Ray Jay, *CONGRATS on the BPOY winner! * Im gonna give you a run for your money this year, watch out!


----------



## PuffinNugs (Feb 19, 2012)

imo now would be a perfect time if your doing any sativas or looking to grow large plants.

i would start some now but goign to do some autos outside instead, they wont need the extra veg time


----------



## tcbud (Feb 19, 2012)

I am gonna be getting clones to start as mothers, then the clones, should be ready by May.  Gonna run a good size garden this summer.  Should be fun.  I am gonna hold down the strains to five or so.  Yeah, right, that is what she says every year..... yep.


----------



## Hick (Feb 19, 2012)

:hubba: .....


----------



## Rosebud (Feb 19, 2012)

Heirloom tomato seeds are on their way, oh wait, you meant marijuana didn't you.


----------



## ston-loc (Feb 19, 2012)

Waiting on my seeds to arrive and I'll be starting them inside in about 3 weeks probably.
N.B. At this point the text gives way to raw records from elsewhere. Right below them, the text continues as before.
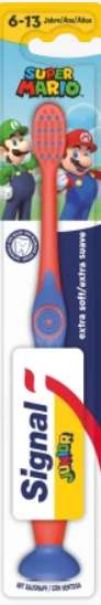 Signal Super Mario Junior to szczoteczka do zębów stworzona z myślą o dzieciach w wieku od 6 do 13 lat, zapewniająca skuteczną i bezpieczną higienę jamy ustnej. Dzięki delikatnemu włosiu i zaokrąglonej główce, skutecznie usuwa osady i zanieczyszczenia, jednocześnie chroniąc dziąsła przed podrażnieniami.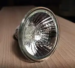 «MR» — «мультифасеточный» отражатель — означает, что рефлектор сформирован из множества мелких граней. Такие отражатели придают мягкие очертания освещаемому лампой пространству. Некоторые лампы MR16 изготавливают с гладким отражателем, позволяющим сделать световой поток более резким.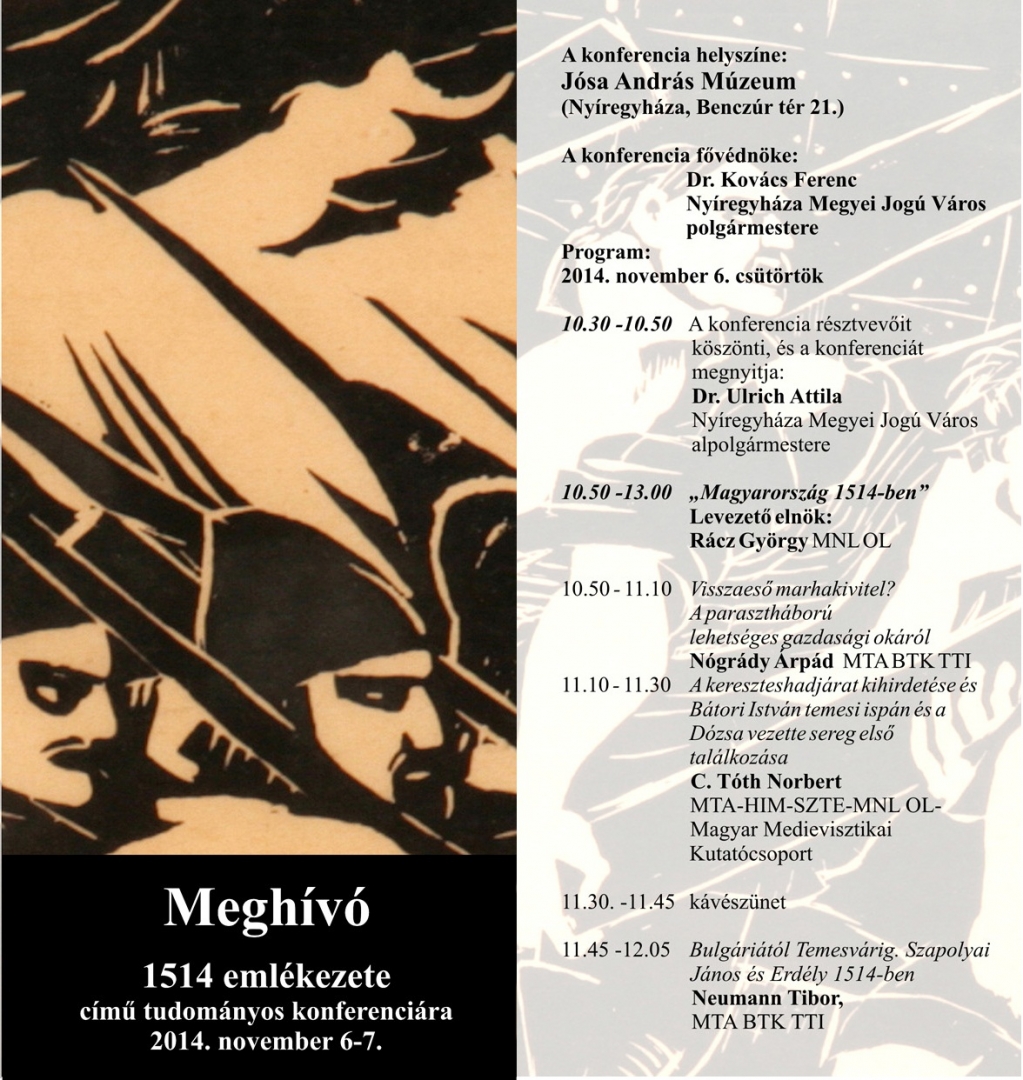 A Jósa András Múzeum minden érdeklődő figyelmébe ajánlja az 1514 EMLÉKEZETE című tudományos konferenciát.

Definitely getting excited about this coming season!


----------



## pcduck (Feb 19, 2012)

Started 

Plus waiting on an order

Getting some more Cheddarwurst


----------



## ozzydiodude (Feb 19, 2012)

Started 40 different seeds in the past 2 weeks just waiting for spring to get here now


----------



## oldsman (Feb 20, 2012)

I've got 10 above soil as of now and going to try to pop some every other week.I'm also planning an order for more seed.Hoping for a good year with the girls.Green mojo to all.


----------



## drfting07 (Feb 20, 2012)

Im with ston-loc. I have between 15 or 20 beans im waiting on. Going to start them 3-4 weeks. Outdoors to harden off on 4-20.


----------



## Lobstah (Feb 20, 2012)

Clones start third week of March to go out June 20 and seeds went to dirt cups last friday. seeds were big bang from our sponsor. they all popped thanks


----------



## tcbud (Feb 20, 2012)

Sounds like we are gonna have lots of outdoor gardens.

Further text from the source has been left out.